One of them standing, the other squatting, they strained to listen again.
‘And what if it’s the Civil Guard coming to get us? They’ll surely come along some day …’ said the one who was squatting. She stood up, adjusted her nightdress, and hid the chamber pot back under the bed.
‘It’s just Greta,’ said the other soothingly. ‘She’s been driven mad by the horseflies.’ She went over to the trapdoor in the floor and pulled it up: like the revelation of something hidden, the acrid and seeping stench of the gorse used as bedding by the animals in the cowshed suddenly floated up. There was the Galician Red cow, which instead of being called Marela, or Teixa, like all the other cows in Tierra de Chá, was called Greta. Greta Garbo. Once she saw the cow’s rump encrusted with muck, and its tail switching back and forth to swat away the flies, the Winterling sighed calmly.

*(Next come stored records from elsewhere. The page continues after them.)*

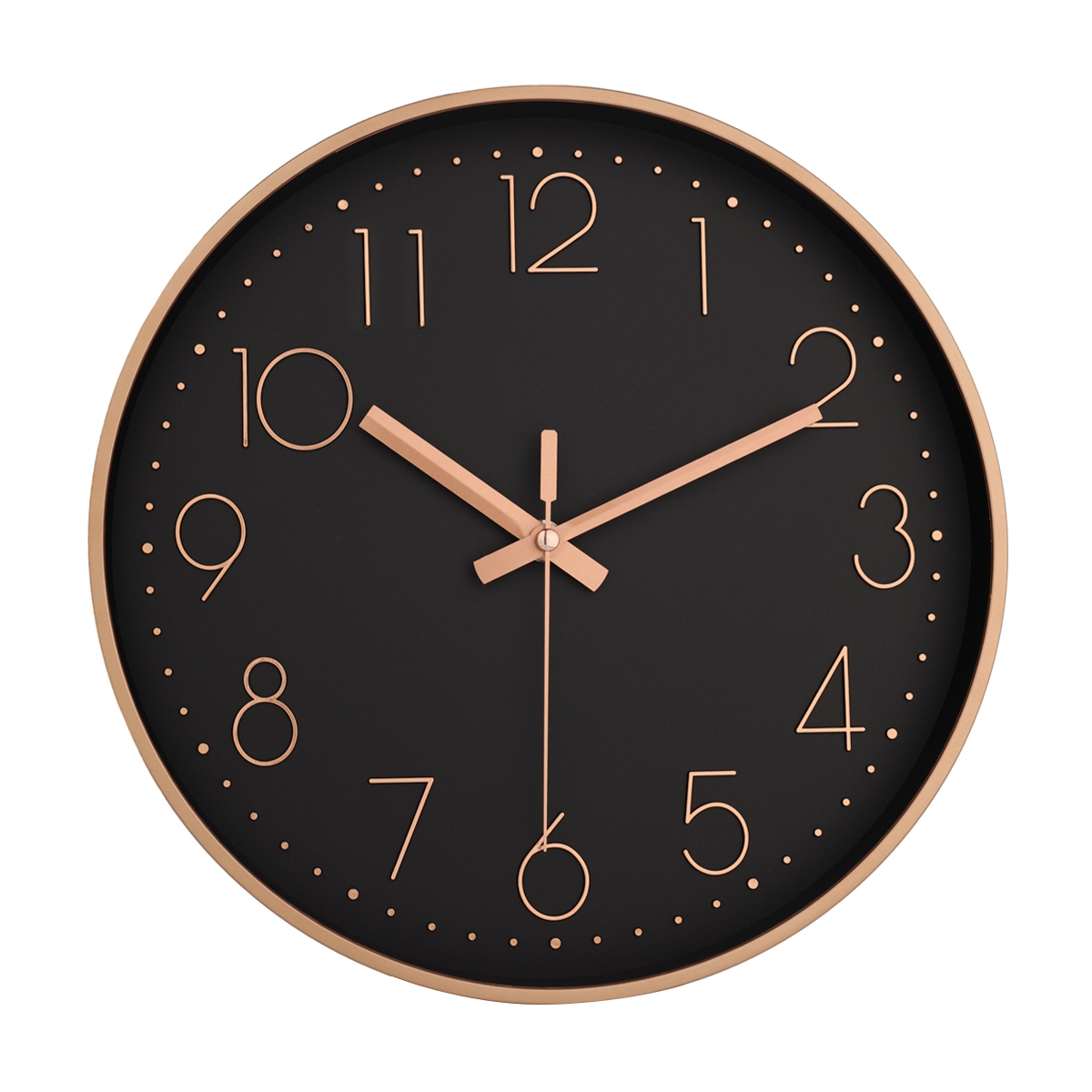 Moderne 12-Zoll Wanduhr mit geräuschlosem Sweep-Uhrwerk, schwarzes Zifferblatt mit Goldrahmen, für Wohn- und Arbeitsräume
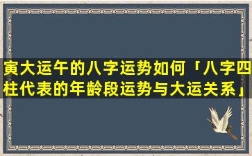 大 🦈 运吉凶对年龄段运势 🦁 的影响
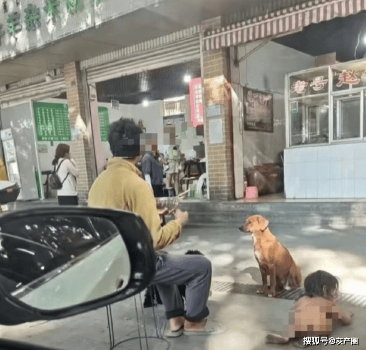 另外一些被拍的画面中,孩子的父亲就坐在一旁,正常行动,正常穿着。
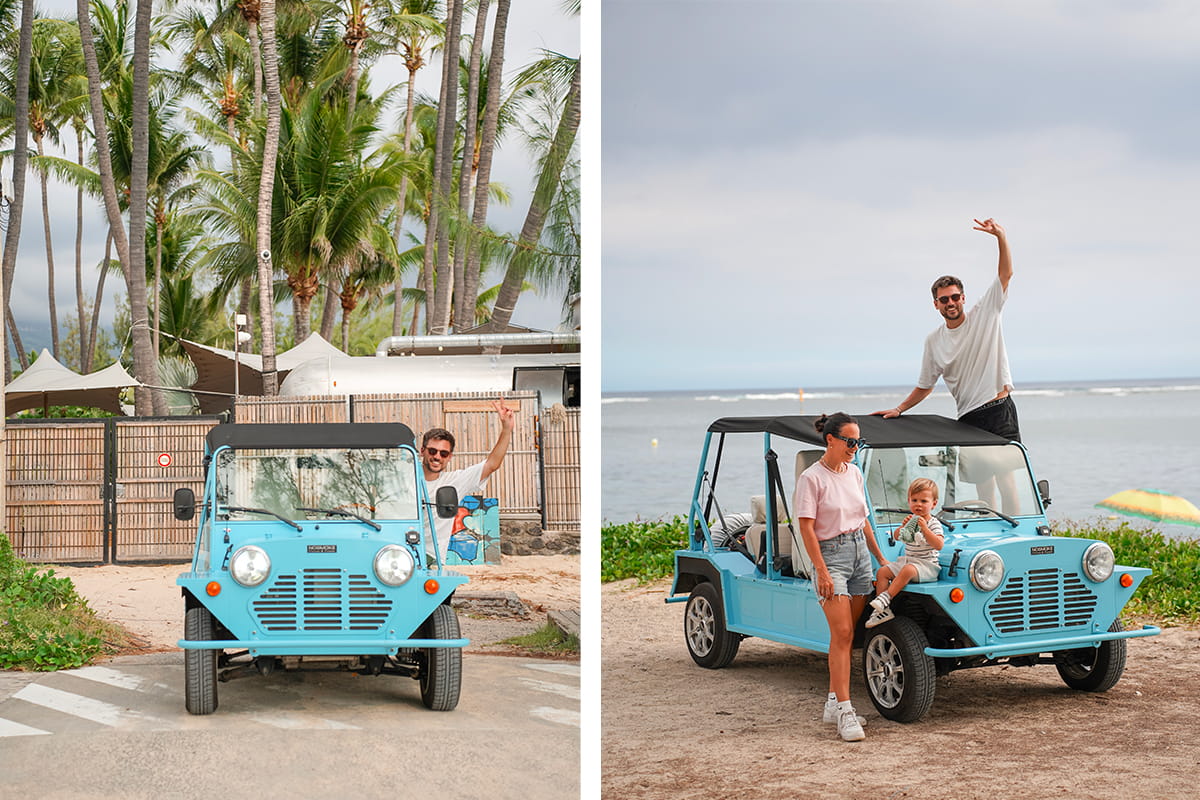 Aujourd’hui, nous partons découvrir de nouveaux spots à l’ouest de l’île de la Réunion mais cette fois-ci dans un véhicule vintage : une Mini Moke. Ce véhicule électrique original va nous permettre de continuer notre exploration de l’île autour du village de Saint Gilles dans une ambiance différente. Avec un bébé, nous avons préféré seulement visiter les plages aux alentours et tester ce mode de déplacement aux alentours de Saint Gilles.
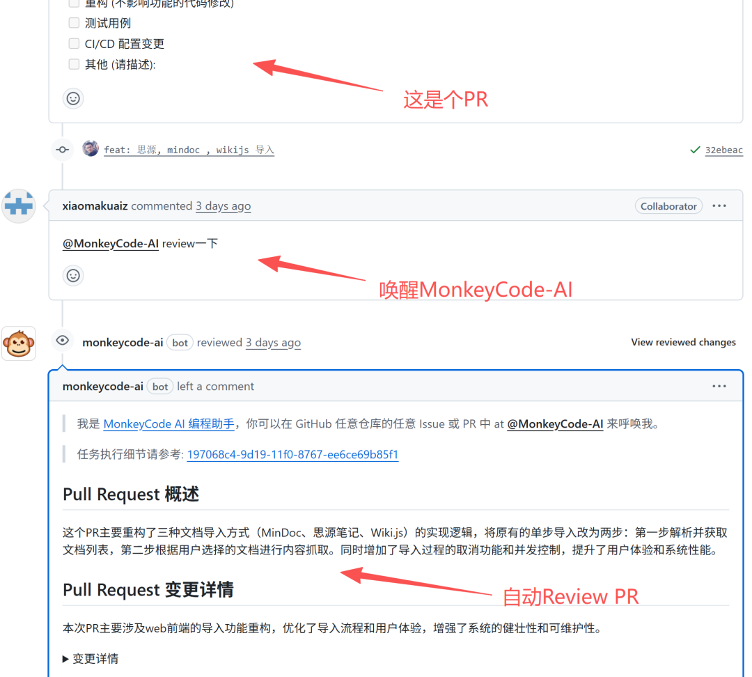 它的用法非常简单,只需要在PR或Issue 的评论区里 @monkeycode-ai,它就会立刻被召唤出来。
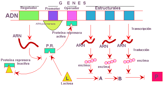 Como puede verse en el esquema, cuando aparece la lactosa (molécula inductora), se une a la proteína represora inactivándola; entonces el complejo inductor-represor se separa del operador, permitiendo el funcionamiento del operón.
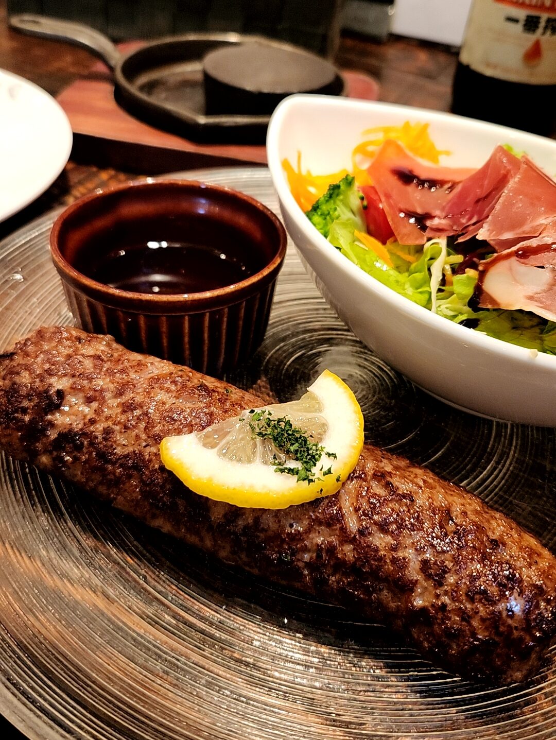 行列店と評判。土曜日の午後3時前、流石に並ばんだろうと思い店に向かう。しかし8組が待っているということで25分待った。凄い人気だな・・・70席あるとのことだが全て埋まっている、ということか。人気は常陸牛のハンバーグで、特殊な調理法で提供。食べる際はセルフでしっかり焼き上げる必要がある。
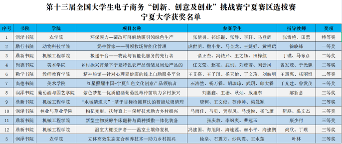 经过激烈的比拼,润泽书院的《环保膜力—菌改可降解地膜引领绿色生产》项目荣获特等奖;励行书院的《奶牛管家—引领牧场智能化管理》项目荣获一等奖,鼎新书院的《极递平台—物流与智能化服务的先行者》等3个项目荣获二等奖,尚德书院的《红星照耀中国-宁夏红色文化创意产品领航者》等7个项目荣获三等奖。
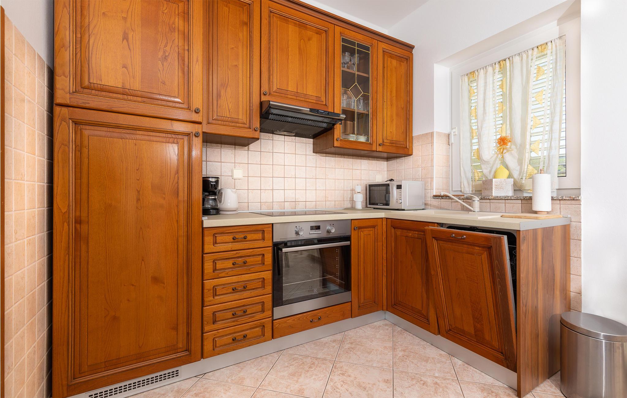 Abends können in der Küche gemütlich kochen, oder Sie und Ihre Familie können die kroatische Küche mit örtlichen Spezialitäten entdecken. Den Abend können Sie auf der Terrasse mit Blick aufs Meer mit leckerem Obst oder einem Glas Wein ausklingen lassen.

For a while she stayed like that, crouching, her head hanging down through the trapdoor. She listened to the creaking of her jawbone and whispered maternal words to the cow, don’t you worry, Little Greta, here we are … She would never use sweet little words like those with people, but she was sedated by the penetrating aroma that overcame her — overcame both of them — and went out through the door and spread through the forest, continuing on, on into the north. It was a forest in which you could spend days and days without being found, just as they had that time they got lost. She snapped the trapdoor shut: ‘It’s Greta, nothing more than Greta. Greta and the horseflies.’
‘Horseflies my foot!’ said her sister, standing up. ‘I’m talking about that sound of dry leaves rustling. Someone’s coming this way.’